# Daughters first deer



## Saugernut (Apr 22, 2013)

Daughter finally got her first deer this evening 
I couldn't be happier for her!


----------



## partlyable (Mar 2, 2005)

Congrats to you and her. That’s a great first deer.


----------



## ya13ya03 (Sep 21, 2010)

Congrats on a great late season buck. She did good.


----------



## T-180 (Oct 18, 2005)

Congrats to you both !! Late season deer are well earned.


----------



## bobk (Apr 30, 2004)

Very nice! Congratulations to you both.


----------



## chris1162 (Mar 12, 2008)

Awesome job!


----------



## M R DUCKS (Feb 20, 2010)

Congratulations !


----------



## sherman51 (Apr 12, 2011)

words just cant say how good it feels when things come together for your kids. congrats to you both. kudos to you for getting your daughter into the great outdoors.
sherman


----------



## crappiedude (Mar 12, 2006)

Congrats and WTG for sticking with it on the late season hunting.


----------



## fastwater (Apr 1, 2014)

Just great....And he still had his headgear!!!
Congrats to the both of you!


----------



## Muddy (May 7, 2017)

Congrats. She won't forget that.


----------



## Saugernut (Apr 22, 2013)

fastwater said:


> Just great....And he still had his headgear!!!
> Congrats to the both of you!


He did when she shot him but not when we found him


----------



## fastwater (Apr 1, 2014)

Saugernut said:


> He did when she shot him but not when we found him


Now that's really cool!


----------



## sherman51 (Apr 12, 2011)

Saugernut said:


> He did when she shot him but not when we found him


that's just awesome that you still got them.
sherman


----------



## Alaskan20 (Feb 18, 2013)

Congrats to her!!


----------



## G-Patt (Sep 3, 2013)

Wow! Congrats!


----------



## Redheads (Jun 9, 2008)

Congratulations to both of you !

Most deer around us have lost their rack a couple of weeks ago.
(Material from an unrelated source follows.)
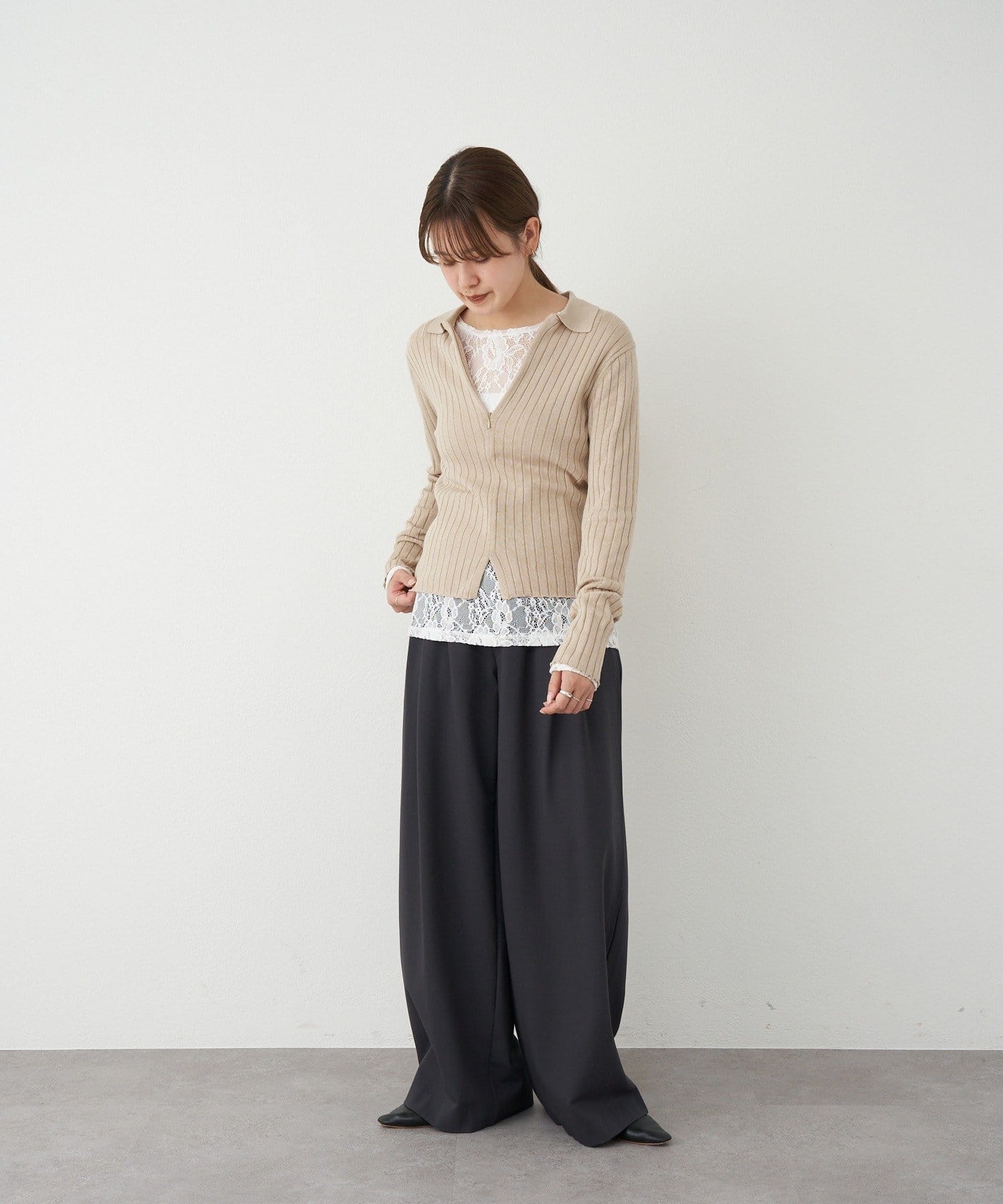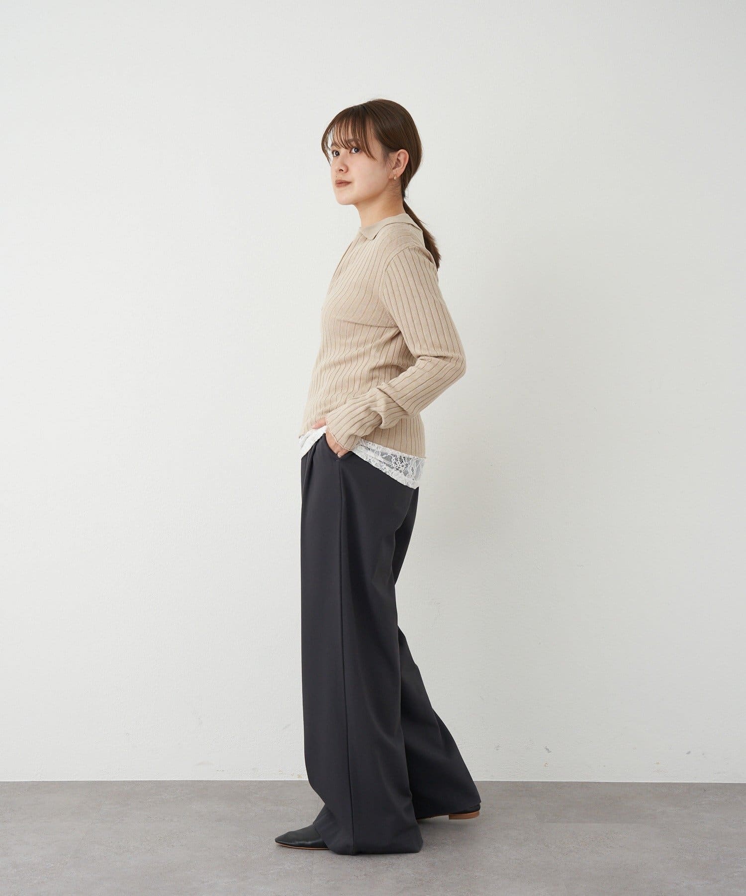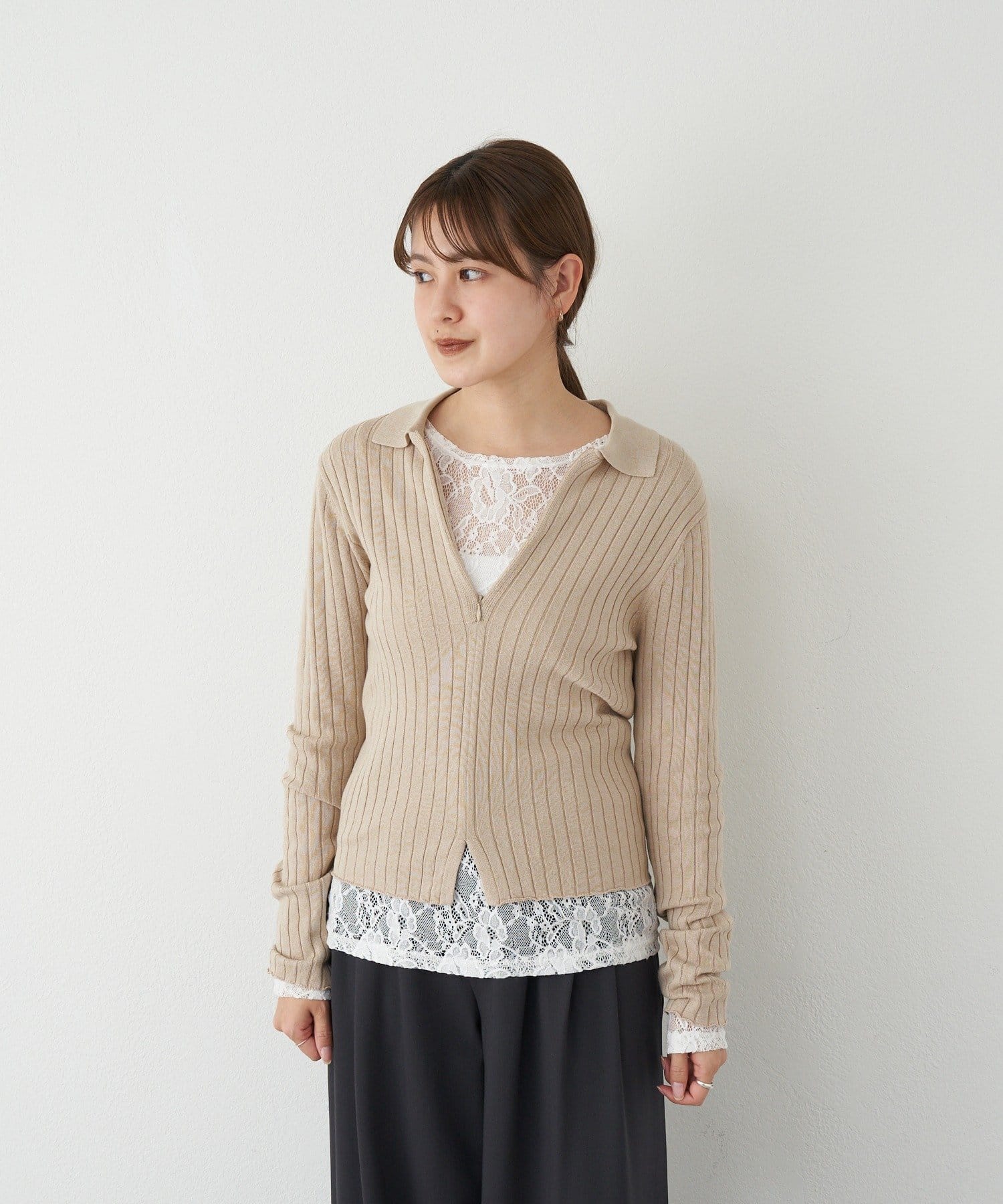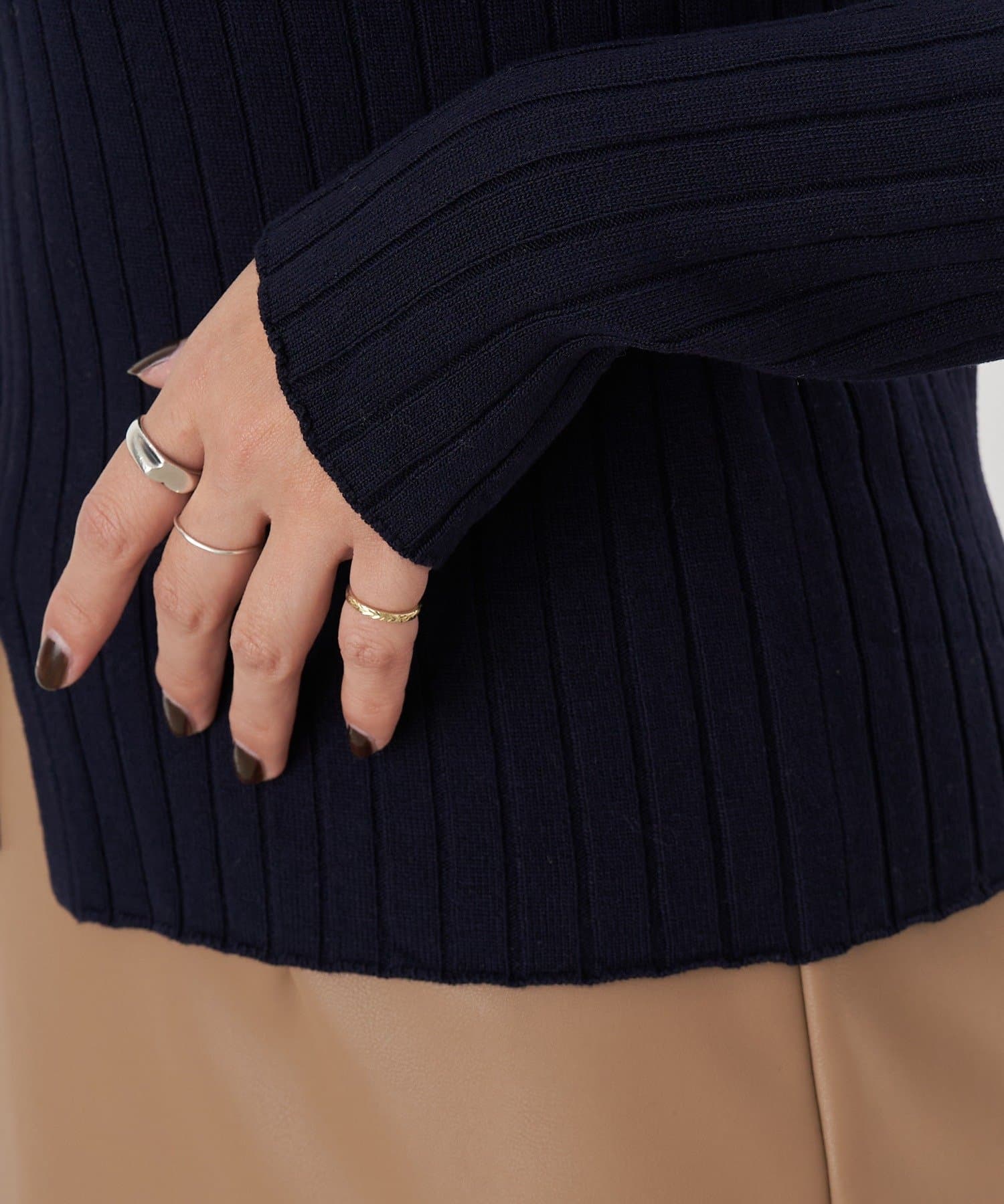 レーヨン素材でニットですがとろみ感などを感じ、チクチクしにくく、素肌にも着ていただきやすいです。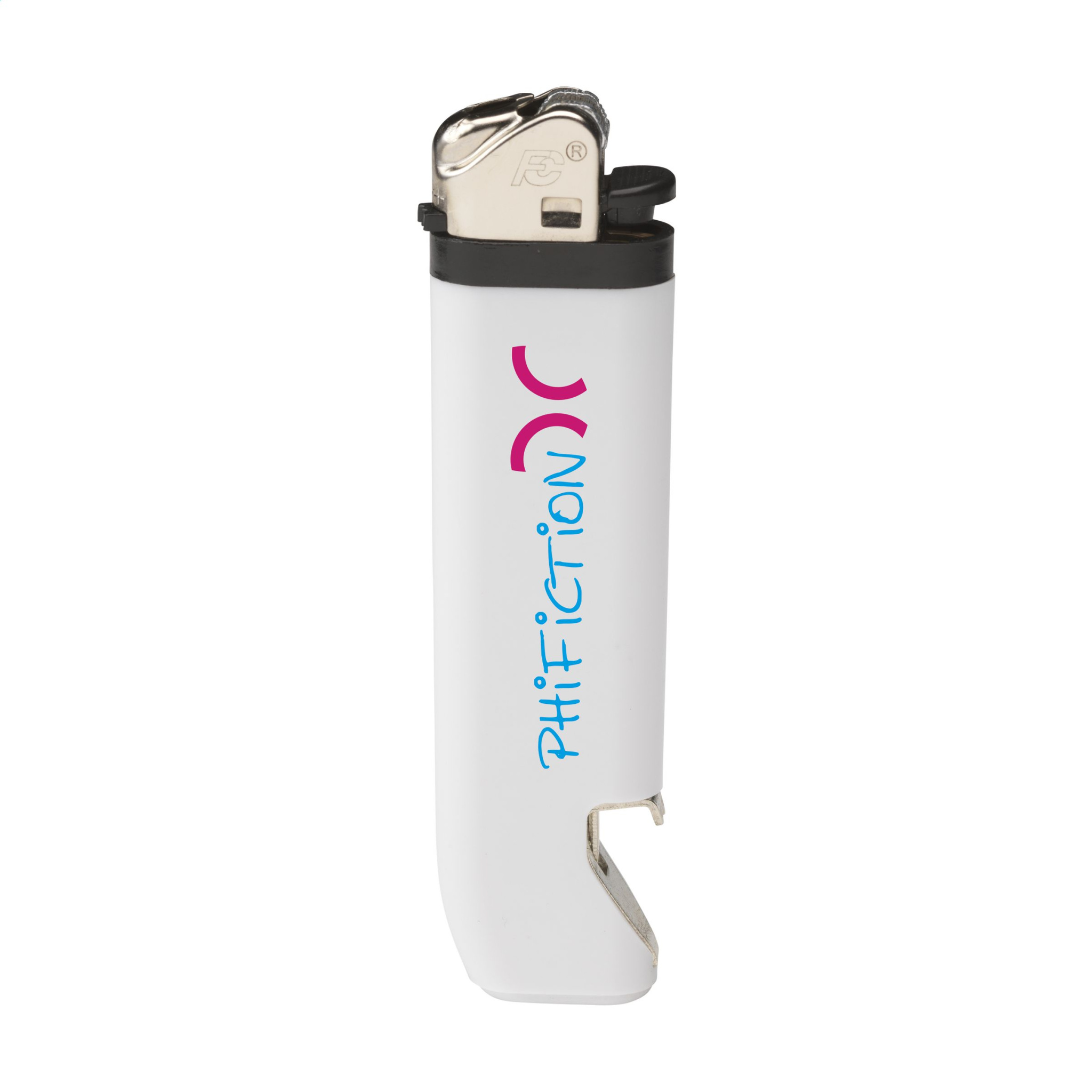 Quality lighter of the brand Flameclub® with a handy bottle opener and adjustable flame. Equipped with child lock. NEN-certified: EN13869. TÜV-certified and ISO-certified: ISO9994. Lighter are only supplied with print.

So now the question...and its not to judge anyone

If this had happened to you and shot a buck but when you recovered him he no longer had his horns how would you tag it ? Buck or doe ? and it shouldn't matter if you found the horns before recovering the deer or not .

just askin


----------



## capt.scott (Jun 27, 2007)

Very good. Congratulations


----------



## Fishballz (Aug 15, 2015)

Redheads said:


> Congratulations to both of you !
> 
> Most deer around us have lost their rack a couple of weeks ago.
> 
> ...


Simple, no antlers it's getting tagged with an "anterless" tag. Not trying to detail thread. Congrats on her first deer!! Hopefully many more to come!


----------



## Saugernut (Apr 22, 2013)

Buck plain and simple


----------



## miked913 (Feb 29, 2008)

Fishballz said:


> Simple, no antlers it's getting tagged with an "anterless" tag. Not trying to detail thread. Congrats on her first deer!! Hopefully many more to come!


 so when she takes her beautiful 1st deer to the taxidermist to have it mounted and the Dnr shows up there to check things out and the tag on it is registered as an antlerless deer how do you think that's going to go down?


----------



## Fishballz (Aug 15, 2015)

miked913 said:


> so when she takes her beautiful 1st deer to the taxidermist to have it mounted and the Dnr shows up there to check things out and the tag on it is registered as an antlerless deer how do you think that's going to go down?


It is pretty clear in the regs. Ohio has antlered and antlerless permits. Not buck and doe tags. To be considered antlered it must have at least one horn longer than 3 inches. If you shoot a buck with no horns you most certainly can use an anterless permit


----------



## Bprice1031 (Mar 13, 2016)

Redheads said:


> Congratulations to both of you !
> 
> Most deer around us have lost their rack a couple of weeks ago.
> 
> ...





Saugernut said:


> Buck plain and simple





miked913 said:


> so when she takes her beautiful 1st deer to the taxidermist to have it mounted and the Dnr shows up there to check things out and the tag on it is registered as an antlerless deer how do you think that's going to go down?





Fishballz said:


> It is pretty clear in the regs. Ohio has antlered and antlerless permits. Not buck and doe tags. To be considered antlered it must have at least one horn longer than 3 inches. If you shoot a buck with no horns you most certainly can use an anterless permit


Way to derail the thread guys!


----------



## Bprice1031 (Mar 13, 2016)

Congratulations


----------